Yesterday, the National Council on Public Polls (NCPP) posted its biennial review of poll performance as a three-part set of PDF documents: Tables scoring the final polls from each pollster at both the national and statewide level and a top-line analysis (full disclosure: We provided NCPP with a database of the general election polls we logged here at Pollster.com, although we had no involvement in their analysis).

Historically, NCPP has focused their analysis on the national polls. Here are their main conclusions on the performance of the national polls in 2008:

In terms of Candidate Error, the average is less than one percentage point (0.9), whether the pollster choose to allocate undecided voters at the end of not. That is the same as the 0.9 percentage point error reported by NCPP for this analysis in 2004. It is slightly less than the 1.1 percentage point average in 2000. In 2008, estimated errors ranged from 0.1 to 2.4 percentage points.

Thus, despite widely discussed concerns such as the growing size of the cell-phone-only population (and this year the possibility of a repeat of Bradley/Wilder effect), there was no change in poll average error.

NCPP is a consortium of media pollsters, and as such concentrates on evaluating the performance of the polls (plural) rather than on rating or ranking individual pollsters or methodologies.
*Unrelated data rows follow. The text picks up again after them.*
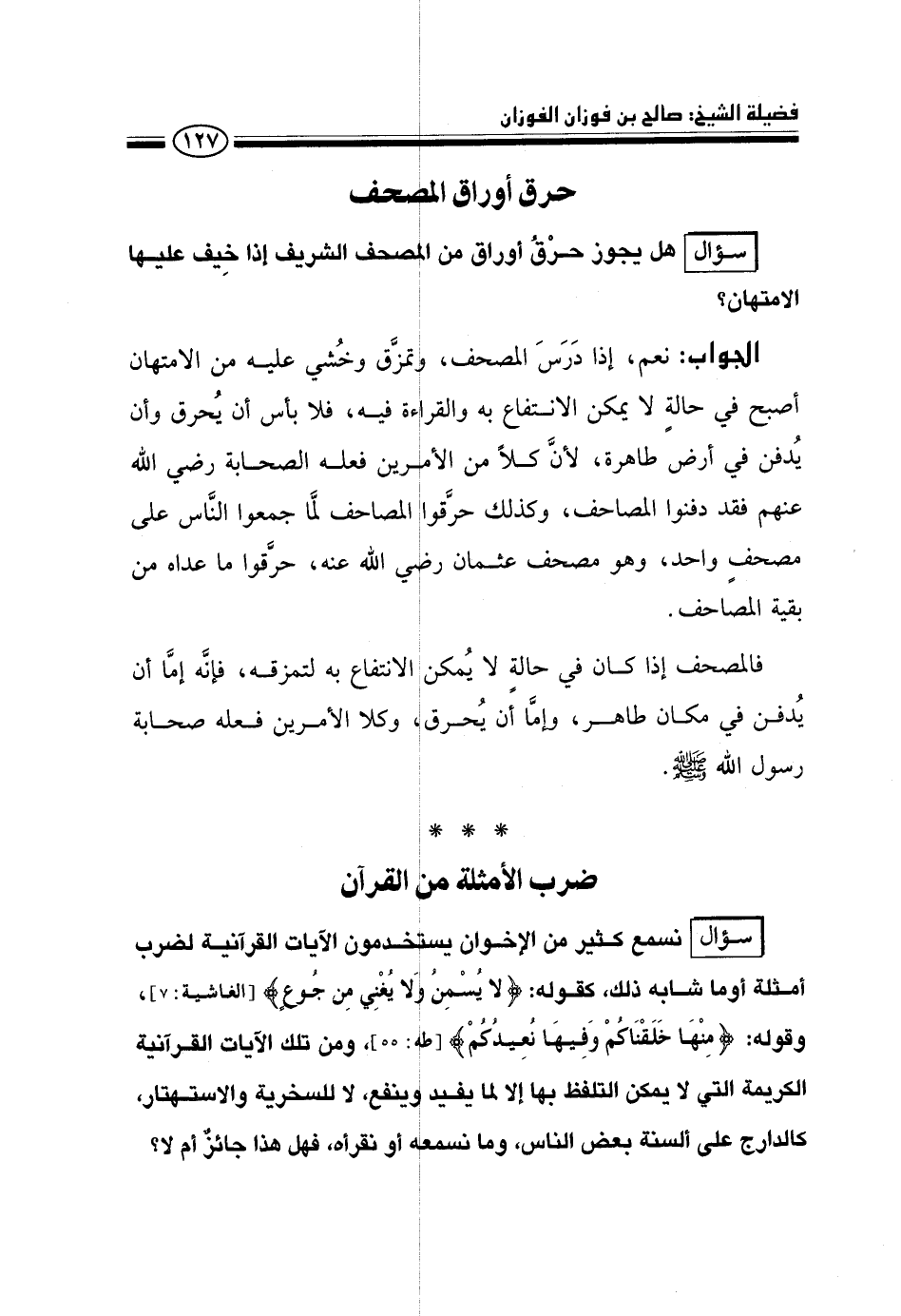 سؤال: هل يجوز حرق أوراق من المصحف الشريف إذا خيف عليها الامتهان؟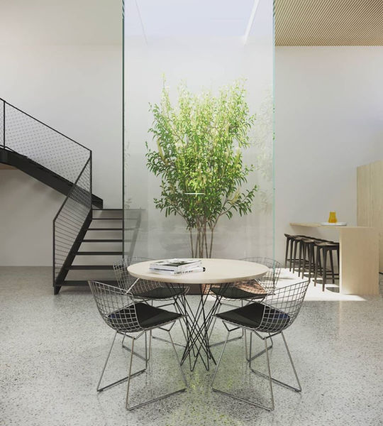 "...הצבעים שאני עובדת איתם בתכנון החלל נובעים מתוך החומר עצמו, למשל: בטון, זכוכית, מתכת, שיש, אור וצמחייה..."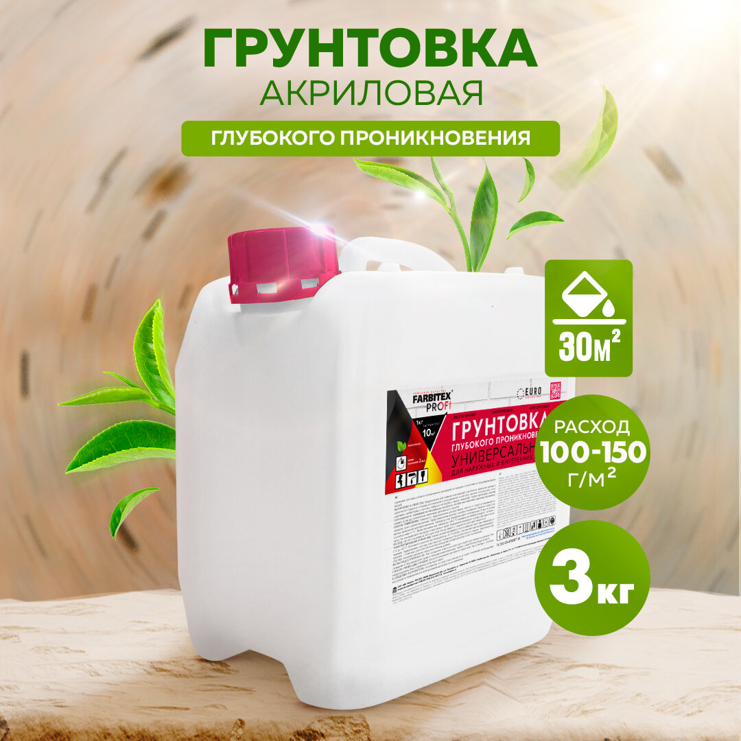 Грунтовка глубокого проникновения акриловая FARBITEX профи 3 кг интересное: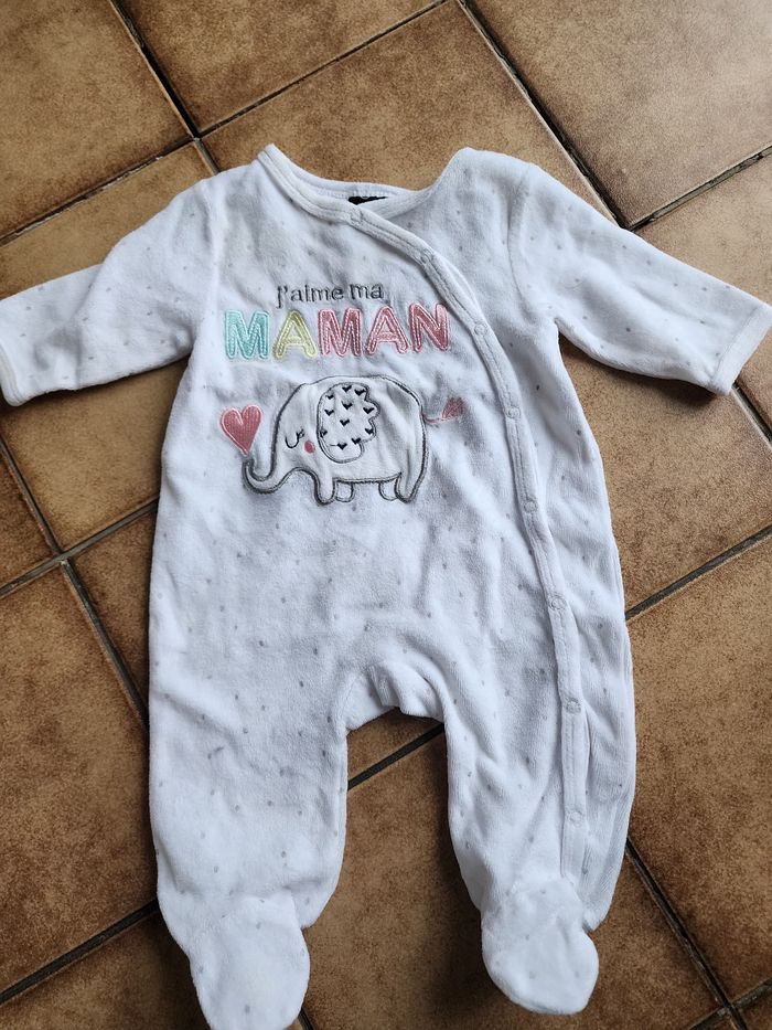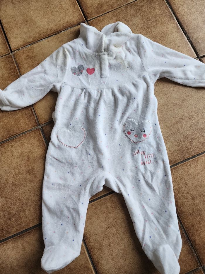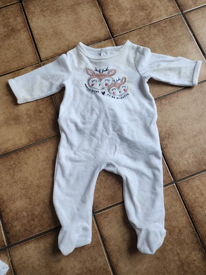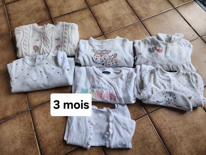 Lot de vêtements fille taille 3 mois. ⚠️ ce sont des vêtements bien usés, souvent tachés (d'où le prix) mais je n'ai jamais pris le temps d'essayer de retirer les taches. Cela peut peut-être servir à une famille dans le besoin. Les associations ne les prennent pas...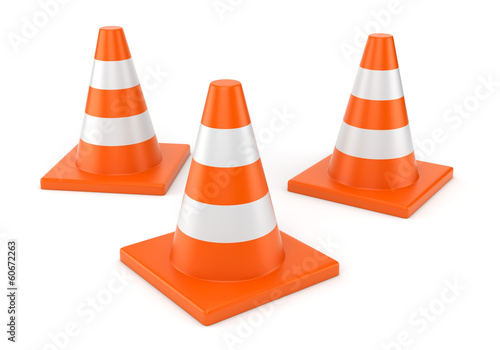 Three orange road cones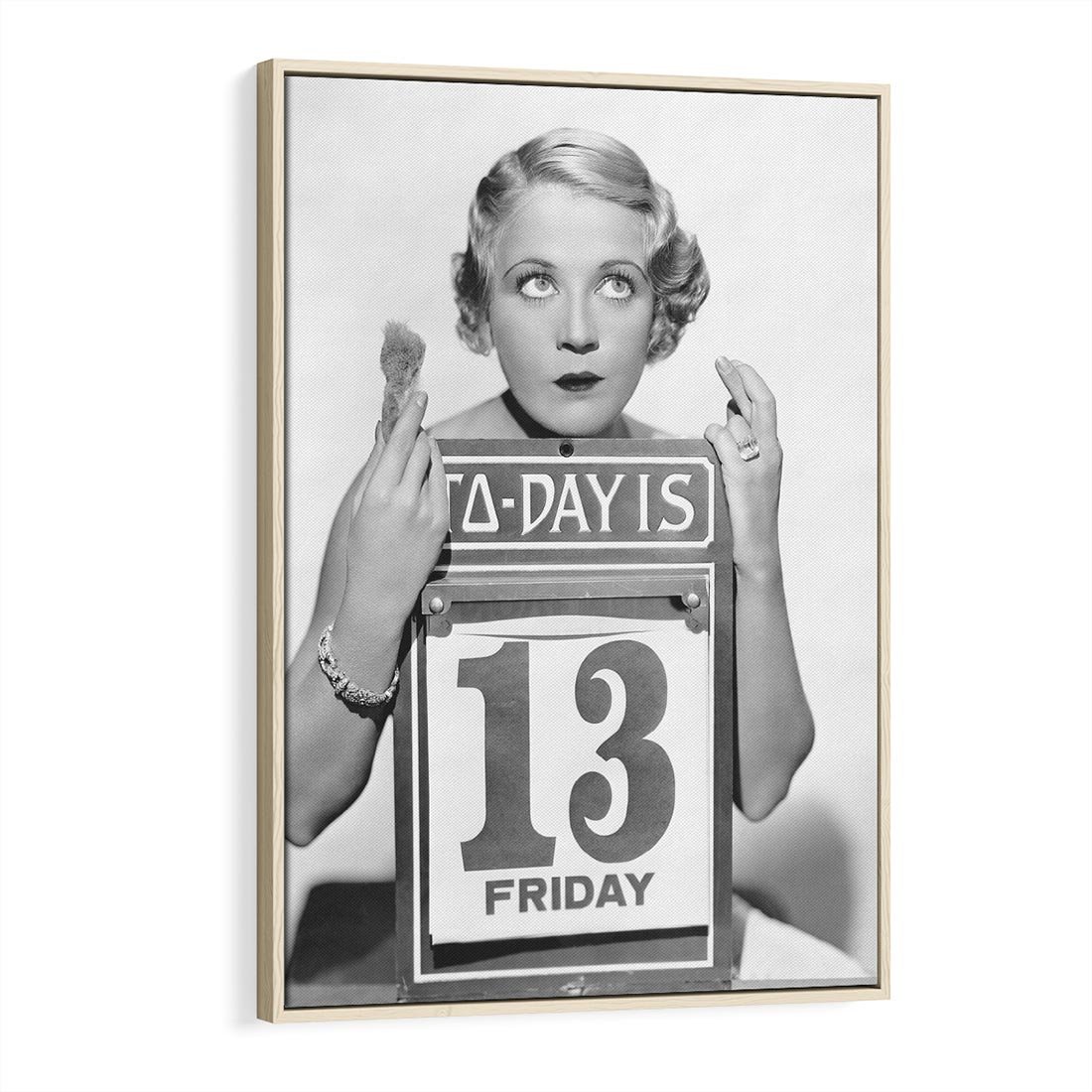 To urokliwe retro zdjęcie w czerni i bieli przenosi nas w czasie do epoki stylu pin-up. Na fotografii widoczna jest kobieta trzymająca tablicę z kalendarzem, na którym wyróżniony jest dzień piątek 13. To ikoniczne połączenie stylu pin-up z elementem niesamowitości dnia 13-tego stwarza niezwykłą atmosferę tajemniczości i humoru. Ten obraz będzie fascynującą ozdobą, która przyciągnie uwagę i wywoła uśmiech u każdego, kto go zobaczy.

So while the report has some useful data for making year-to-year, industry-wide comparisons, it will likely frustrate those trying to find "best" or "worst" pollster.

That said, any thorough effort to rank the pollsters, to separate "good" from "bad" on the basis of the accuracy of the last poll is bound to frustrate for reasons the NCPP report identifies in an easily overlooked, next-to-last paragraph:

No method of judging the error works perfectly. Other evaluations of poll performance based on other methods may produce different conclusions.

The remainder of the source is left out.